:: Your assignment ::
Repeat the span of the entries below that starts at the line with "fondo azul claro!" and ends at the line with "(2) Disconnect the", nothing more. Skip the pictures.

:: Data supplied ::
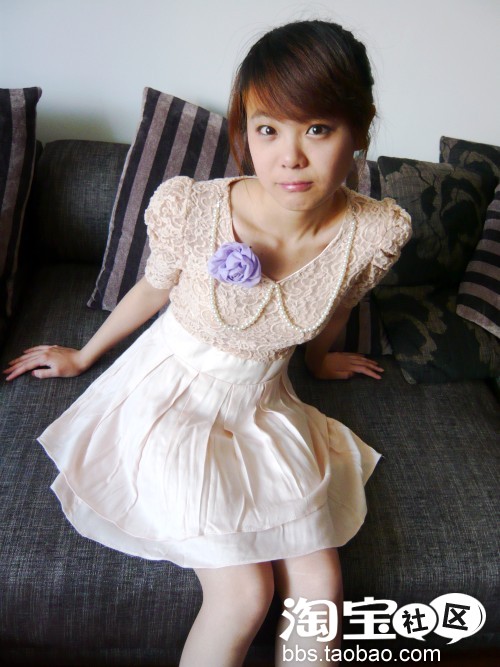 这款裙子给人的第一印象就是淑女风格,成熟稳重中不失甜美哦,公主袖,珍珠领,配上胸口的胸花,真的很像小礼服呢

* * *

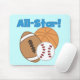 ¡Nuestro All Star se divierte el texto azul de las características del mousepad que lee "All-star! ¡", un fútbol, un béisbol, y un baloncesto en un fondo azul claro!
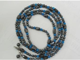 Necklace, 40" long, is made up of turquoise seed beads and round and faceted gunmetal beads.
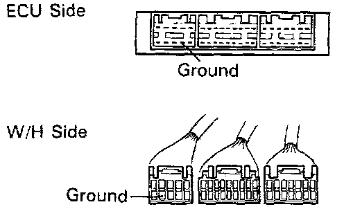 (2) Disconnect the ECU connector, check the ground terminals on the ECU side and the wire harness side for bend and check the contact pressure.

* * *

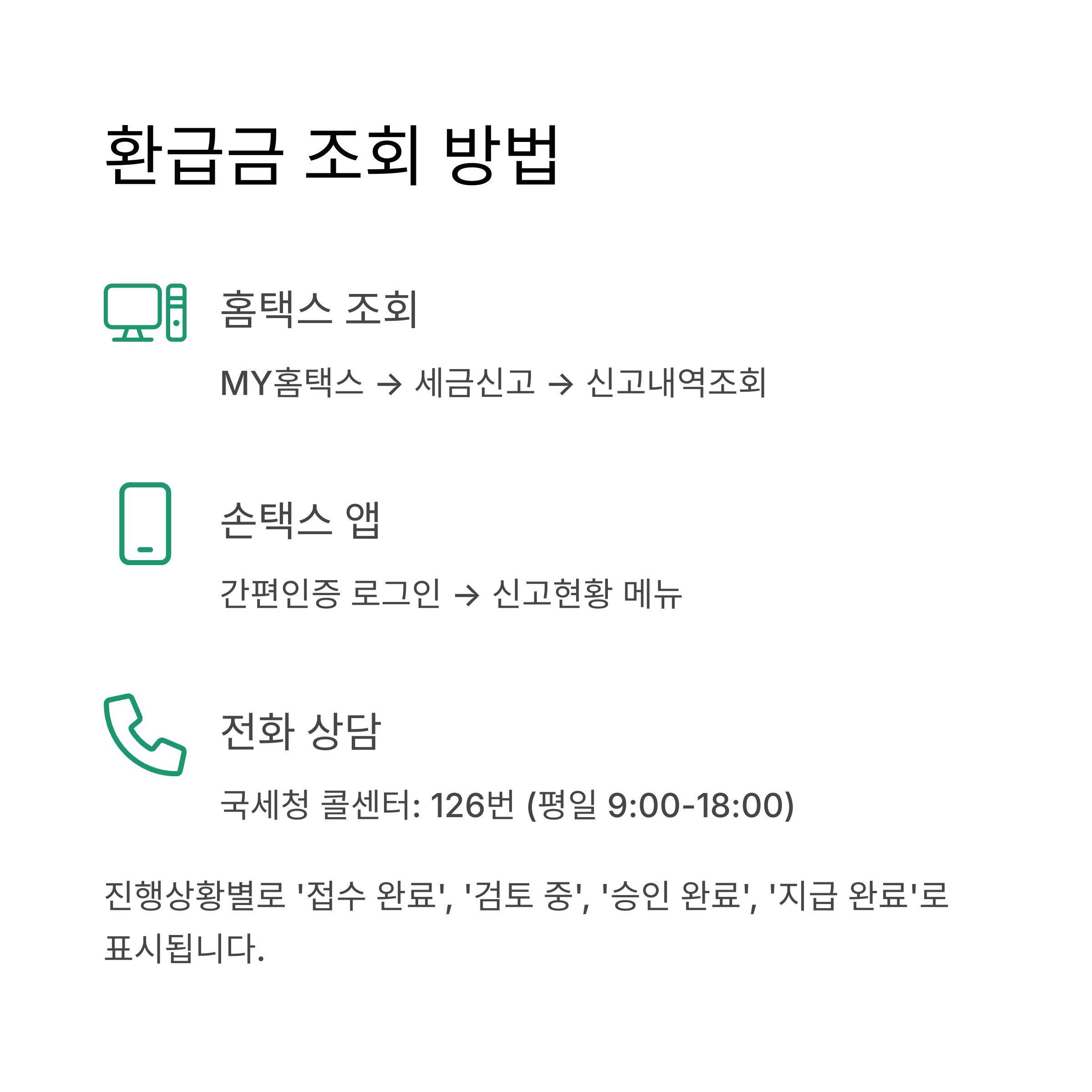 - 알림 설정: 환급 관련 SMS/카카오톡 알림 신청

:: The answer ::
 ¡Nuestro All Star se divierte el texto azul de las características del mousepad que lee "All-star! ¡", un fútbol, un béisbol, y un baloncesto en un fondo azul claro!
 Necklace, 40" long, is made up of turquoise seed beads and round and faceted gunmetal beads.
 (2) Disconnect the ECU connector, check the ground terminals on the ECU side and the wire harness side for bend and check the contact pressure.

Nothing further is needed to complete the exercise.